As a mixed-race kid growing up in a predominantly black neighborhood near the L.A. airport, John spent his early years riding skateboards and listening to hip-hop station KDAY. He wrote his first rap song, "Inglewood Skater's Dream," at age 12, and added a third source of inspiration a few years later.

"I started going to church when I was around 15," he says, "because my friend said there were girls there. Hot girls. Hot Inglewood girls. Dark skin, big nice booties, just praisin' the Lord, you know? So I skated my ass down there."

And how did that work out? "There were no hot chicks, just one ugly girl named Lisa. He tricked me. He was trying to save me, man."

But John still went back the next week, he says, "because the message intrigued me. I kinda snapped to and thought, 'What the fuck is he talking about?' For some reason it just connected, I guess."

As did the music of the Beastie Boys: "We had a car called the Beastie Mobile, and we just rode around Inglewood banging the Beasties. When I first heard them, I didn't know they were white at all. That was like the news of junior high school: 'They're white? Huh?'"

John has a side-project called Rootbeer, which dabbles in that early Beasties sound. But Dragon Slayer, his first new album in four years, is uniquely his own, an artistic vision that's both wide-eyed and world weary. And this time out, he and producer Hervé Salters didn't rely on outside samples.
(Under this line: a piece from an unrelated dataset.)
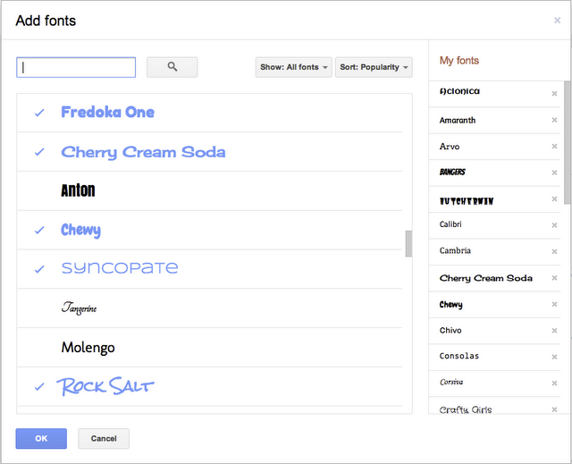 To select the new fonts, click on the font menu, and then select “Add fonts” at the bottom. This will open a menu to all the Google Web Fonts available. Users can narrow their search for the perfect font by alphabetical order, date added, and “trending.” Once a font is selected, users are free to implement them in Google Docs, especially in one of the service’s 60 new templates that were unveiled today.

"We just all holed up in the garage with instruments and made it happen," says John. "We brought in Tommy Guerrero and April Hendrix for a couple of songs, and the rest is Hervé and I."

The album is nothing if not eclectic: "Before We're Gone" lopes along like Johnny Cash, while "Hey You" is more garage rock than hip-hop. The downtempo "Dude, It's On" could practically be a Midnight Juggernauts track, if it weren't for references to Motel 6 and Chick-O-Sticks.
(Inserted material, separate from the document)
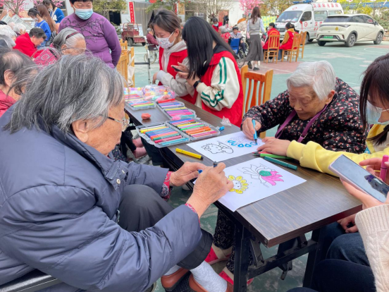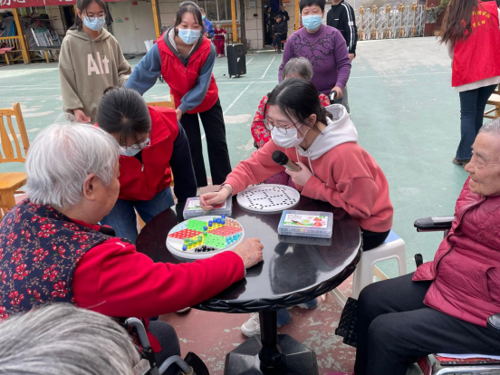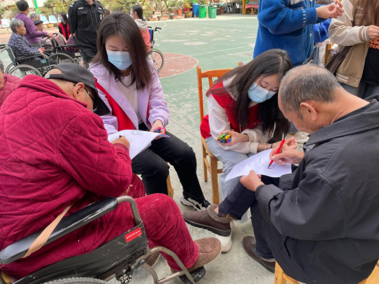 下午13:50,同学们准时在图书馆前集合并排好队,14:00准时徒步前往安康阳光爱心护理院,并于14:30准时到达敬老院。随后志愿者们通过演唱歌曲、表演手势舞等形式为所有的老人表演了精彩的节目,养老院的老人们被同学们的精彩节目深深吸引住了,不时响起热烈的掌声,活动现场的气氛十分温馨。此外,同学们还陪老人下棋、聊天,在了解了老人们的日常生活情况后叮嘱老人保重身体,保持积极乐观心态,老人们收到了同学们的关心后幸福的笑容洋溢在他们的脸上。

It's all brilliantly clever, as befits an artist who once claimed his nickname came from Jesus driving through Inglewood and stopping to hand John a dead pigeon, which then flew out of his hands.

Anything like that happen since?

"Plenty, plenty," says John, "but I don't like to discuss those things. Because if I keep having visions like that, people are going to start thinking I'm crazy. [Laughs disconcertingly.] And we don't want that, all right? Especially not in Colorado Springs."